EXERCISE PROMPT:
Would you return exactly the lines below from the line with "Um die Bisse" through the line with "智能化工具和标准化文档,,,,保障服务质", both included, and nothing else, leaving out the pictures?

STORED DATA:
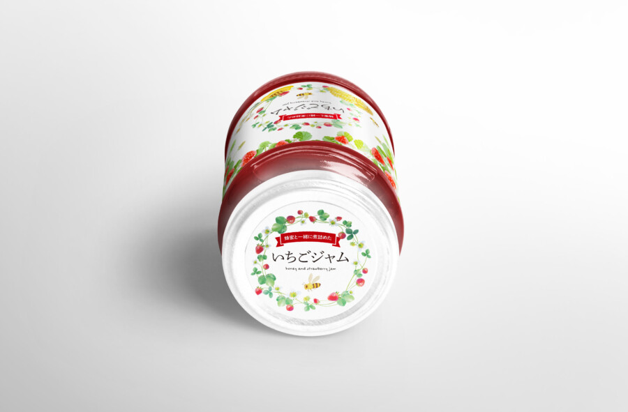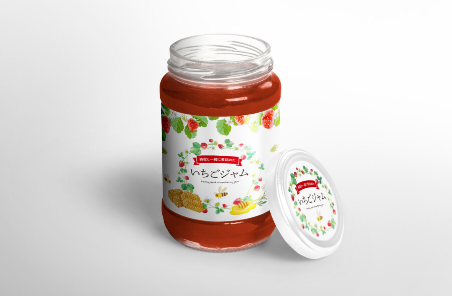 ラベルデザイン制作事例 - 蜂蜜&イチゴジャムの可愛い商品ラベルASOBOAD。
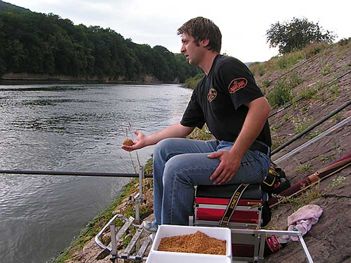 Um die Bisse an der Pose zu erkennen, brauchen wir die Fische am Platz, kurz gesagt, dass das Lockfutter und die Art wie man es anfüttert eine grosse Rolle spielt, ob man Erfolg hat oder nicht. Da ich diesen Abschnitt nicht kannte, habe ich mich für eine ausprobierte Mischung entschieden, die bis jetzt an allen Gewässern gute Resultate gebracht hat. Ich mischte 1:1 "Plus 4000" und "Comet", das Futter das Deutsche Top Angler für die Fa. Angelsport Ofenloch entwickelt haben. Dazu mischten wir noch Pulverlockstoff "Vanille"und ein wenig Intense Sweetener aus dem Programm "TK Baits of Glory". Tomi gab noch zu seiner Hälfte dieser Mischung das Futter von Gica Radovic (bekannter serbischer Wettkampfangler) zu, 500gr. auf 1 kg., mit der er bei kälterem Wasser gute Erfahrung gemacht hat. Für die ausgesuchte Stelle und die Art wie wir geangelt haben war noch wichtig, dass das Futter die Konsistenz hat die wir brauchen. Wichtig war, dass wir mit leichtem Handdruck die Kugeln bekommen, die bis auf Grund sinken ohne dass sie im Mittelwasser zerfallen. Das Futter darf aber nicht zu hart werden, sondern muss auch locker sein und auf dem Grund langsam zerfallen, wobei sich kleine Partikel lösen, die die Fische nur anlocken, ohne sie satt zu machen. Von großer Bedeutung ist, wie man das Futter macht. Es ist erwünscht das Futter mehrmals anzufeuchten, bzw. Anfeuchten-10 Minuten ziehen lassen, dass alle Zutaten schön feucht werden, und das 2-3 mal zu wiederholen. Es ist wichtig, dass das Futter nicht trocken ist, sonst zerfallen die Futterkugeln schon beim Aufschlag auf der Wasseroberfläche. Das Futter darf aber auch nicht zu nass sein, sonst wird es zu klebrig und zersetzt sich sehr schwer am Grund was nicht Sinn der Sache ist.
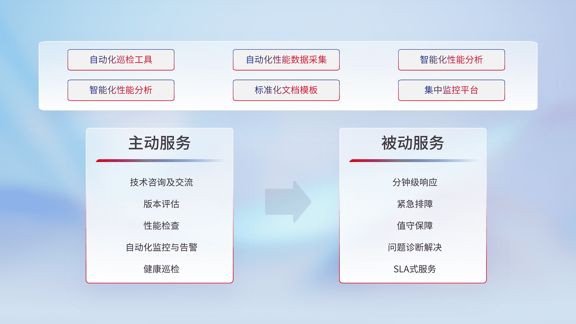 智能化工具和标准化文档,,,,保障服务质量,,,,提供主动服务(包含技术咨询、、、版本评估、、、性能检查、、、自动化监控与告警、、健康巡检)和被动服务包含(分钟级响应、、紧急排障、、值守保障、、、问题诊断解决、、SLA服务)。。
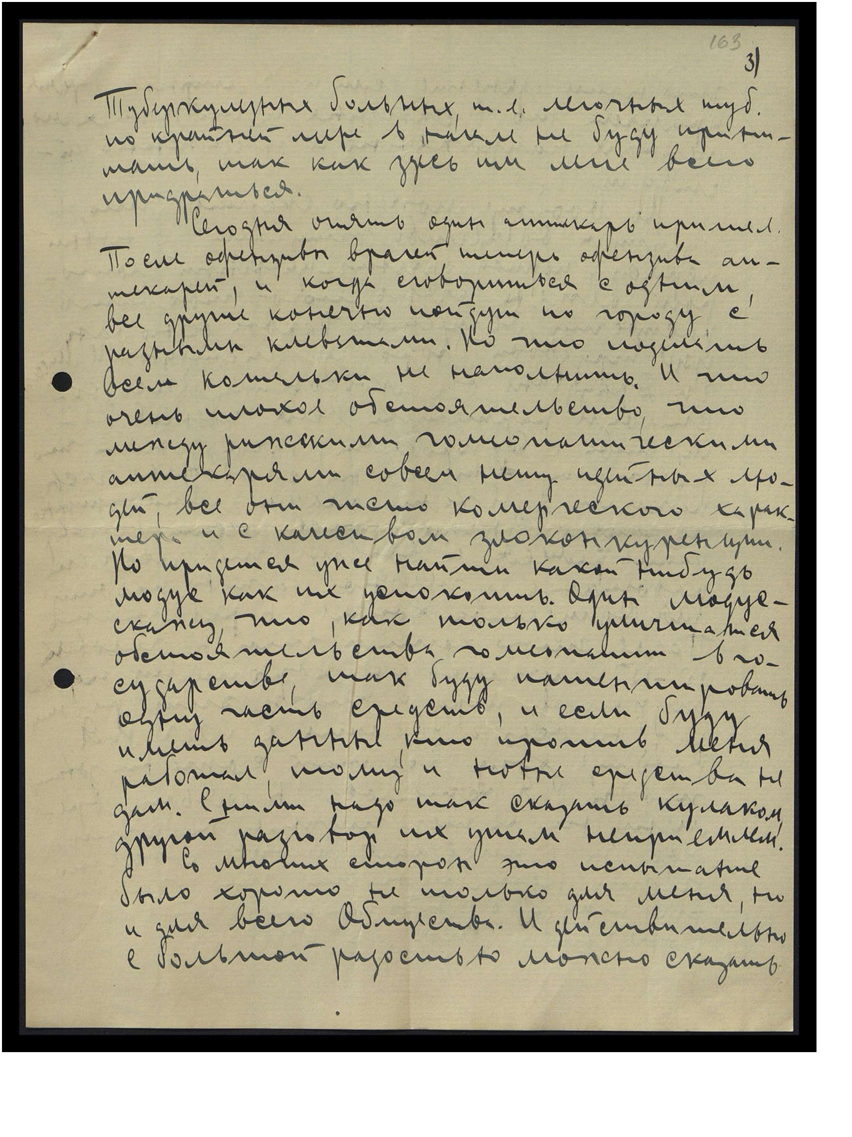 Туберкулёзных больных, т.е. лёгочных туб[еркулёзно], по крайней мере, вначале не буду принимать, так как здесь им легче всего придраться.

EXERCISE SOLUTION:
 Um die Bisse an der Pose zu erkennen, brauchen wir die Fische am Platz, kurz gesagt, dass das Lockfutter und die Art wie man es anfüttert eine grosse Rolle spielt, ob man Erfolg hat oder nicht. Da ich diesen Abschnitt nicht kannte, habe ich mich für eine ausprobierte Mischung entschieden, die bis jetzt an allen Gewässern gute Resultate gebracht hat. Ich mischte 1:1 "Plus 4000" und "Comet", das Futter das Deutsche Top Angler für die Fa. Angelsport Ofenloch entwickelt haben. Dazu mischten wir noch Pulverlockstoff "Vanille"und ein wenig Intense Sweetener aus dem Programm "TK Baits of Glory". Tomi gab noch zu seiner Hälfte dieser Mischung das Futter von Gica Radovic (bekannter serbischer Wettkampfangler) zu, 500gr. auf 1 kg., mit der er bei kälterem Wasser gute Erfahrung gemacht hat. Für die ausgesuchte Stelle und die Art wie wir geangelt haben war noch wichtig, dass das Futter die Konsistenz hat die wir brauchen. Wichtig war, dass wir mit leichtem Handdruck die Kugeln bekommen, die bis auf Grund sinken ohne dass sie im Mittelwasser zerfallen. Das Futter darf aber nicht zu hart werden, sondern muss auch locker sein und auf dem Grund langsam zerfallen, wobei sich kleine Partikel lösen, die die Fische nur anlocken, ohne sie satt zu machen. Von großer Bedeutung ist, wie man das Futter macht. Es ist erwünscht das Futter mehrmals anzufeuchten, bzw. Anfeuchten-10 Minuten ziehen lassen, dass alle Zutaten schön feucht werden, und das 2-3 mal zu wiederholen. Es ist wichtig, dass das Futter nicht trocken ist, sonst zerfallen die Futterkugeln schon beim Aufschlag auf der Wasseroberfläche. Das Futter darf aber auch nicht zu nass sein, sonst wird es zu klebrig und zersetzt sich sehr schwer am Grund was nicht Sinn der Sache ist.
 智能化工具和标准化文档,,,,保障服务质量,,,,提供主动服务(包含技术咨询、、、版本评估、、、性能检查、、、自动化监控与告警、、健康巡检)和被动服务包含(分钟级响应、、紧急排障、、值守保障、、、问题诊断解决、、SLA服务)。。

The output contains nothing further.